In the waning light of day, the philosopher stared at the Infinity Ring as Sera pulled it out. “I’ve programmed in the time and the location,” she said.
Olympias’s palace, Dak thought. The home of Alexander and his mom. Back when this had all begun, if he’d made a list of one million places they might have to visit throughout history, that one probably wouldn’t have made the list.
“Is this going to hurt?” the philosopher asked as he put his hand on the cool metal of the Ring.
“No,” Sera answered simply. Dak didn’t know if that was the most honest answer ever, but it seemed to make their famous friend feel better.
They stood in a circle, the sky above them fading from orange to purple, four right hands clinging to the Infinity Ring in the middle of their group. Sera ignited the device into action and sparkles of light flashed in the air.
Just before they were swept away, something happened that made Dak’s stomach almost leap through his throat and out of his mouth. About twenty feet away from where they stood, four people suddenly appeared, almost as if they were falling out of the sky, their images flashing into existence just long enough for Dak to see who they were.
Himself.
Sera.
And a man and woman he’d never seen before.
It was only for an instant, but enough for Dak’s mind to explode with confusion. He was staring at himself, and the other version of him looked back with an odd expression of understanding. It was unnerving, confusing, and Dak didn’t like it one bit.
Then the sky ripped open and sucked them into the oblivion of a wormhole.
RIQ COULDN’T believe what he’d just seen. It happened so quickly he thought that he had to have imagined it, that he was seeing things in the moment before they were sucked into the wormhole.

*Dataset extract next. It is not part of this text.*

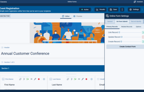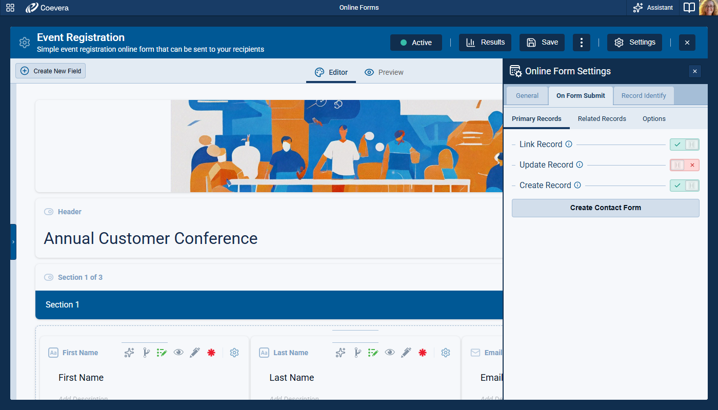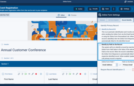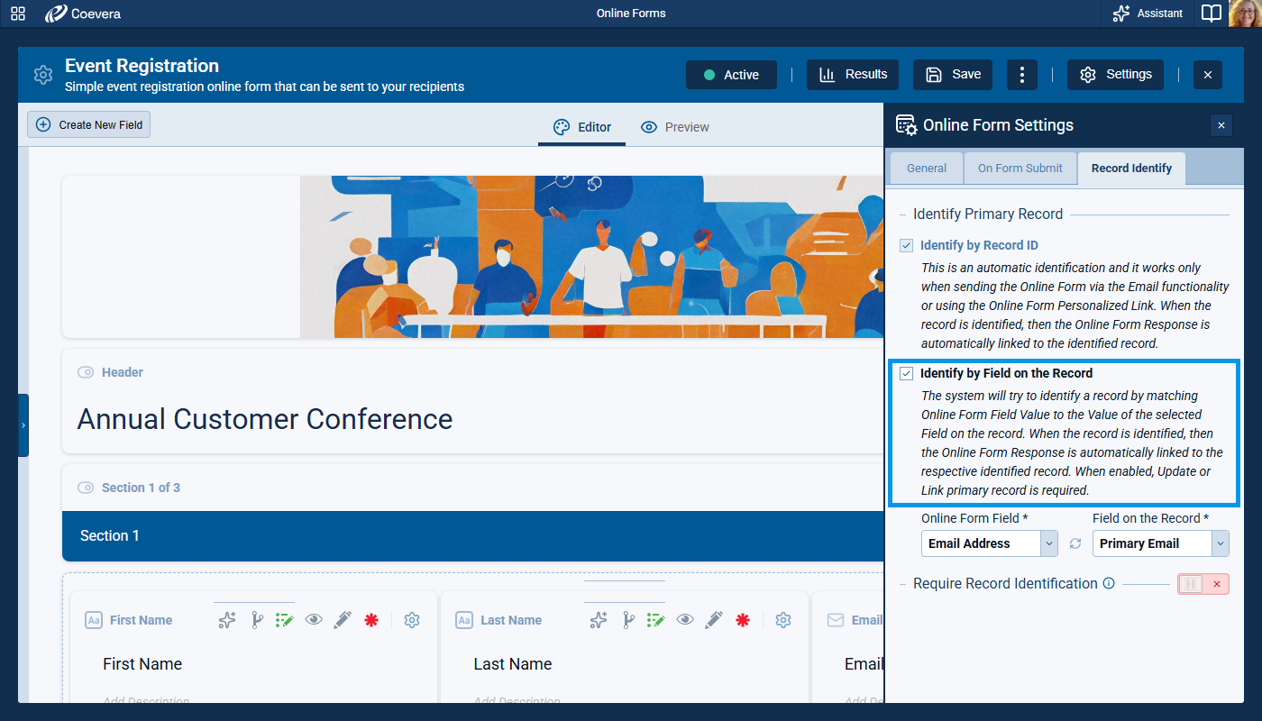 When Identify by Field on the Record is enabled in record identification, the form configuration now requires a compatible primary-record action path. At least one option that supports existing-record handling must be enabled, preventing conflicting setup combinations at configuration time. The default behavior guides users toward a valid setup by preselecting the Link Record.
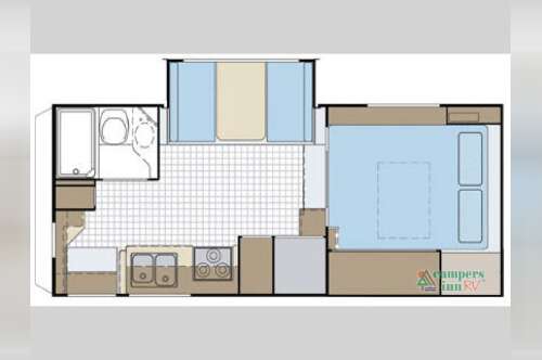• Cab-over queen bed provides a comfortable sleeping area

He didn’t love the feeling of his body being pulled and stretched and compressed by a billion forces all at once, but at least he’d grown somewhat used to it. Not to mention the sounds and the lights and the wind that wasn’t really a wind. But he couldn’t help but feel sorry for Aristotle — who wasn’t exactly young and spry — as they traveled through the space-time continuum.
Like always, Riq had a hard time comprehending just how long it took for them to make the leap. Only moving three days, you’d think it would be a quicker warp than usual. But it didn’t always seem to work that way. Regardless, there was the mind-numbing intensity of it all, the world exploding and contracting and streaking all around him, and then it was over.
He tumbled onto a bed of short-cut grass, then slammed into a big green hedge with prickly leaves. The whole thing shook above him as if it were laughing. Dak’s foot smacked him in the face, and he heard Sera asking Aristotle if he was okay. The man coughed, then groaned, then laughed. He actually laughed.
Riq got to his feet and brushed himself off, relieved to see the great philosopher doing the same thing, all in one piece and with no obvious injuries. The man looked as excited as a kid at a birthday party, practically floating.